Clustering : Using tomcat and Apache http

Clustering is combining a group of machines/servers into a logical entity that can be referenced as if it were one machine. A cluster is defined as a group of application servers that transparently run a J2EE application as if it were a single entity.

  • Horizontal clustering

    Horizontal clustering, sometimes referred to as scaling out, is adding physical machines to increase the performance or capacity of a cluster pool. Typically, horizontal scaling increases the availability of the clustered application at the cost of increased maintenance. Horizontal clustering can add capacity and increased throughput to a clustered application; use this type of clustering in most instances.

  • Vertical clustering

    Vertical clustering, sometimes referred to as scaling up, is adding WebSphere Application Server instances to the same machine. Vertical scaling is useful for taking advantage of unused resources in large SMP servers. You can use vertical clustering to create multiple JVM processes that, together, can use all of the available processing power.

  • Hybrid horizontal and vertical clustering

Here we are going to cluster 2 tomcat servers using Apache http server.

Setting Up The Nodes

In most situations you would be deploying the nodes on physically separate machines, but in this example we will set them up on a single machine, but on different ports.

  1. Download Tomcat from here. I am using ver 7.0.47.
  2. Lets use a common folder to have all out app and http server. I will be putting everything in C:\Learning\cluster
  3. Unzip Tomcat twice under these folders – C:\Learning\cluster\tomcatNode1 and C:\Learning\cluster\tomcatNode2
  4. Right now both server have the same configuration file like same http port 8080 etc, so if we try to start both servers the second wont start.
    Open server.xml of tomcatNode1 – C:\Learning\cluster\tomcatNode1\apache-tomcat-7.0.47\conf and changing ‘engine‘ element. The “jvmRoute” attribute has to be added – this configures the name of this node in the cluster. The “jvmRoute” must be unique across all your nodes. Keep everything else same.
    ApacheTomcatNode1Confgure1
  5. Now changing other server.xml – C:\Learning\cluster\tomcatNode2\apache-tomcat-7.0.47\conf. Here apart from change in the ‘engine‘ element we need to change the ports also for ‘server‘ , ‘connector’ used by http and ‘connector’ used by AJP.
    ApacheTomcatNode2Confgure1ApacheTomcatNode2Confgure2ApacheTomcatNode2Confgure3
  6. We’re done with Tomcat. Start each node up, and ensure that both gets started at the same time.

Lets talk about AJP  (Apache JServ Protocol). In a web scenario, client to server traffic is usually carried using an http (HyperText Transfer Protocol) transport. That’s both from browser to public facing server, but also in ongoing transfers from the public facing server to other servers which provide content or run business logic in many applications.

An http request comprises a series of lines of data, each new line terminated.
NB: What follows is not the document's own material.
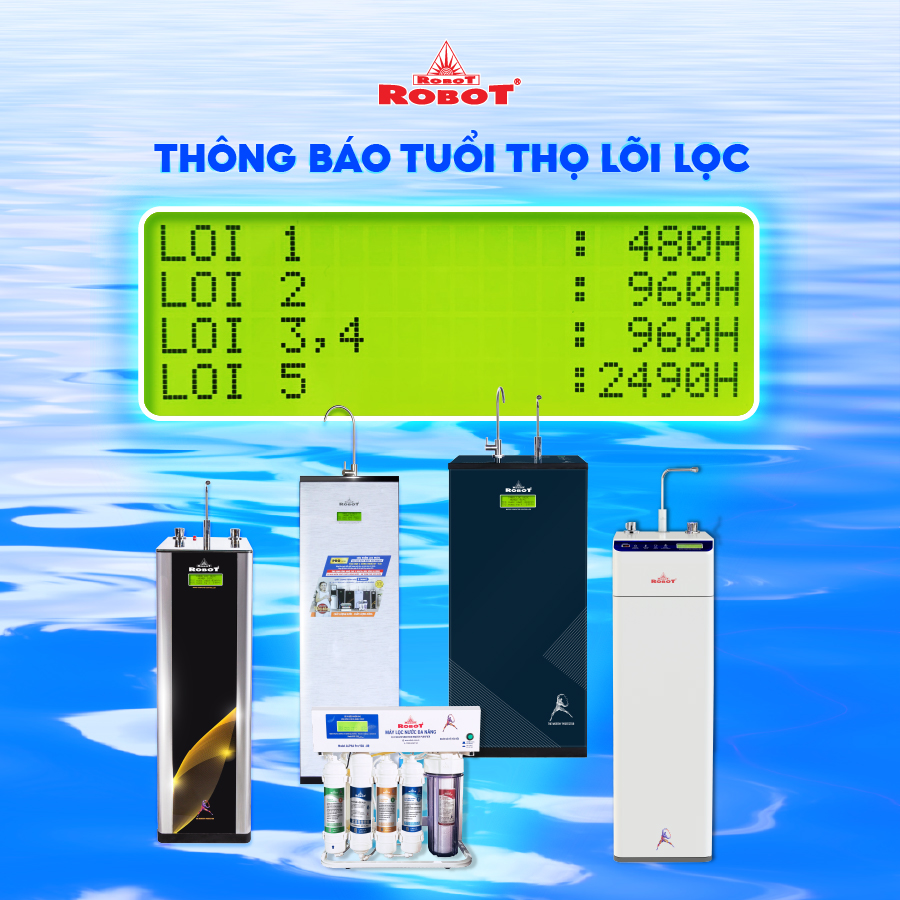 • Công nghệ RMC – LCD độc quyền, biết được chất lượng nước trước & sau lọc     Bộ vi mạch RMC-LCD thông minh thiết kế phát minh của ROBOT, mọi chi tiết vận hành máy được hiển thị trên màn hình LCD, cảnh báo mọi rủi ro cho người sử dụng   Tuổi thọ lõi lọc được tính theo lưu lượng nước sử dụng, không tính theo thời gian ghim điện như các máy thông thường, tiết kiệm tối đa chi phí thay lõi lọc

The first of these lines comprises the request method (such as GET or POST) followed by the name of the resource required (such as /index.html) followed by a protocol version (such as HTTP/1.1). Subsequent lines include such things as the name of the host being contacted, referrer headers, cookies, the type of the browser, preferred language, and a whole host more details. A server processes an http request and sends out a response. The response comprises a header block, a blank line, and (in most cases) a data block. The first line of the header includes a response code which indicates the success or otherwise of the request – a 3 digit number in the following ranges:

  • 200 and up – success; expect good data to follow
  • 300 and up – good request but only headers (no data). e.g. page has moved
  • 400 and up – error in request. e.g. request was for missing page (404)
  • 500 and up – error in handling request. e.g. program on server has syntax error

This line of the header block is followed by other headers telling the receiving system the content type (Mime type) which allows that receiving system to know whether to handle it as HTML, and a JPEG image, etc. Then there’s a blank line and the actual data.
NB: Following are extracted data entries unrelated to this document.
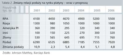 Długoterminowe prognozy opracowane na podstawie analizy rynku platyny są bardzo optymistyczne i zakładają zarówno wzrost jej popytu, np. w 2005 r. o 4,4%, wzrost podaży, np. w 2005 r. o 5,1% , jak i utrzymanie się cen na stosunkowo wysokim poziomie. Jednak wiele zależeć będzie od skutecznego wprowadzenia planowanych przepisów prawnych w zakresie ograniczenia emisji, opracowania nowych technologii, jak również podaży i zmian dokonujących się na rynku palladu i rodu, które przynajmniej w przemyśle motoryzacyjnym (obecnie 37% podaży platyny, 62% palladu i 87% rodu konsumowane jest w przemyśle motoryzacyjnym) zaczynają być skutecznymi substytutami.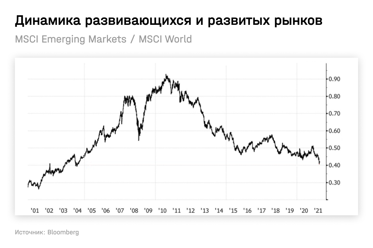 Опережающая динамика развивающихся стран на фоне роста стоимости сырья после кризиса, относительно небольшого ослабления доллара и повышенной инфляции во всем мире вполне логична, говорит Русецкий. Однако, по его мнению, после окончания восстановления экономики и цикла роста сырья через несколько лет компании роста из США, в частности из IT-сектора, снова будут доминировать из-за увеличения роли технологий.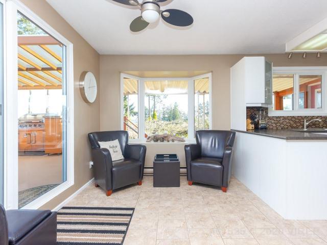 It’s impossible not to be impressed with the great care that’s been taken with this quarter – acre ocean view property in desirable Saltair. Large, ocean – facing windows frame the colourful views and fill the home with light. The main floor features three bedrooms (master with lovely ensuite plus a 3 piece bathroom for guests). A bright sunroom for hours of R and R (and your plants will love it too!) Enjoy entertaining guests in this highly – functional, stylish kitchen, a wood burning fireplace also compliments the open concept living/dining area. Lower level is partially finished, with a grand bonus room and loads of storage space – including a special spot for your wine. Step outside and find your incredible outdoor kitchen, including a 5 – burner BBQ with a built-in smoker – your home will be everyone’s new favourite place! You’re surrounded by spectacular landscaping in front and in the very private back, with loads of colourful vegetation, two patios, and a deer – proof raised vegetable garden bed. There’s also a studio/workshop in back wired for 220 amps. Power outages are no problem just start up the hard – wired generator, and stay comfortable. All this, and the ocean just a short walk away. Gorgeous inside and out … this property is a must – see and can be available for immediate possession.

The https protocol carries the same information as http, but adds to it a secure socket layer (SSL). In other words, the data is encrypted at the client and decrypted at the server, and then the same happens in reverse. The purpose of this encryption is to ensure that stray data packets that are viewed along the way are no use the person who has them – they’re uninterpretable binary data.
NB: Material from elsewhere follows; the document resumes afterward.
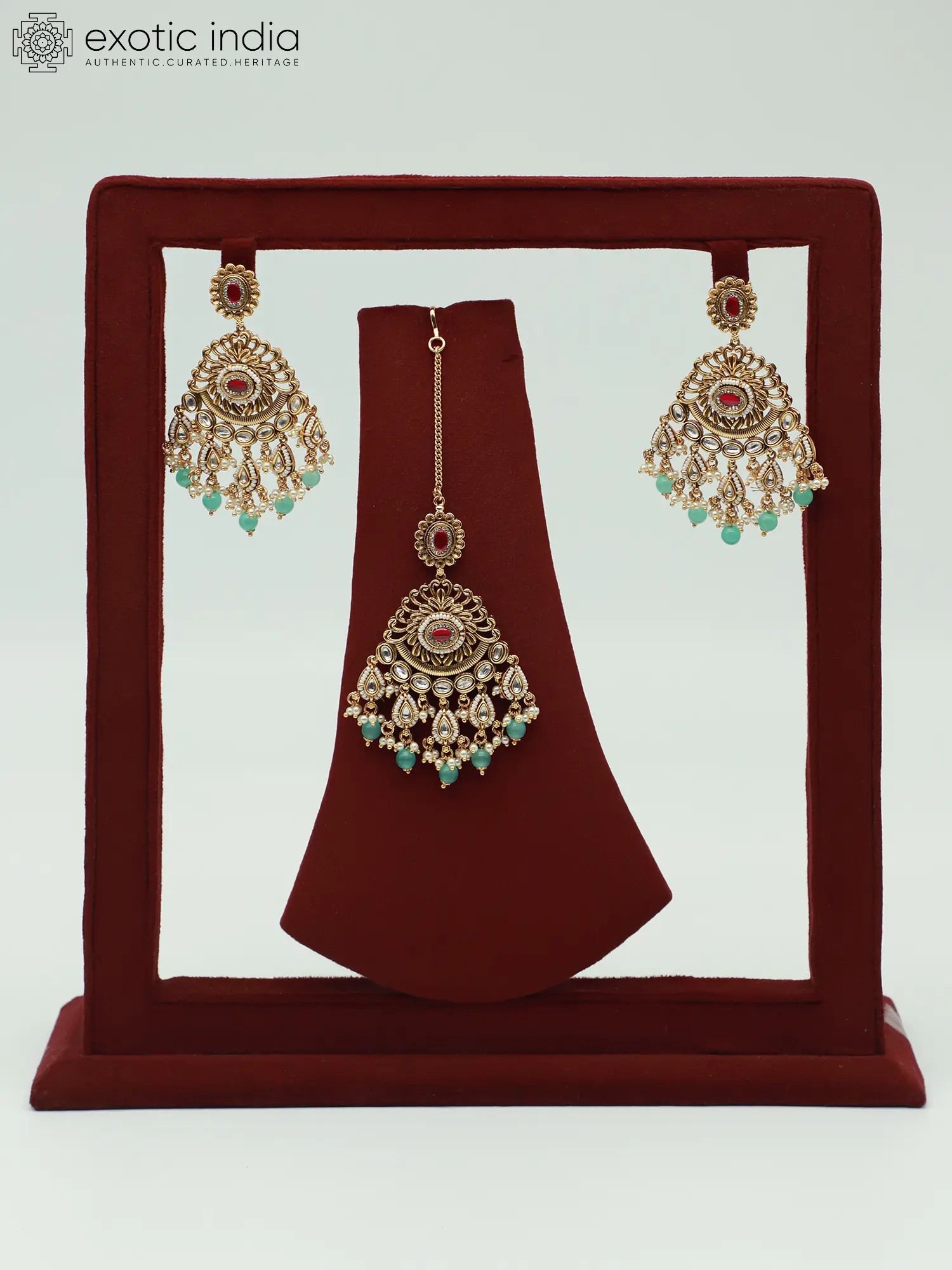 Embellished Stone Studded And Beaded Stunning Necklace With Earrings And Mangtika

The http protocol is quite expensive in terms of band width – it’s an ascii text protocl with words like “POST” and phrases like “Content-type:” taking up more bandwidth than is really needed, and having to be interpreted at destination too. So the ajp protocol (Apache Java Protocol?) was established to allow for much less expensive exchanges between upstream and downstream servers that are to be closely linked. AJP carries the same information as http but in a binary format. The request method – GET or POST – is reduced to a single byte, and each of the additional headers are reduced to 2 bytes – typically, that’s about a fifth of the size of the http packet.

Between servers, http  works very well to some extent but If you have intensive / busy servers with bandwidth issues between them, use ajp as your linking protocol. AJP is a binary protocol that can proxy inbound requests from a web server through to an application server that sits behind the web server.

Installing Apache Http Server

  1. Download Http Apache server – Binaries – (I used httpd-2.2.25-win32-x86-openssl-0.9.8y.msi)
    ApacheHttpInstall0
  2. Start installation with following attributes.
    ApacheHttpInstall1
  3. Use custom install and change the default path (not necessary though, just to keep everything in one place)
    ApacheHttpInstall2   ApacheHttpInstall3
    ApacheHttpInstall4

Which connector to use?

As we know, AJP is an optimized version of the HTTP protocol to allow a standalone web server such as Apache to talk to Tomcat. The idea is to let Apache serve the static content when possible, but proxy the request to Tomcat for Tomcat related content. There are mainly 3 ways to do it:

  • mod_jk is mature, stable and extremely flexible. It is under active development by members of the Tomcat community.
  • mod_proxy_ajp is distributed with Apache httpd 2.2 and later. Note that the communication protocol used is AJP.
  • mod_proxy_http is a cheap way to proxy without the hassles of configuring JK. If you don’t need some of the features of mod_jk, this is a very simple alternative. Note that the communication protocol used is HTTP.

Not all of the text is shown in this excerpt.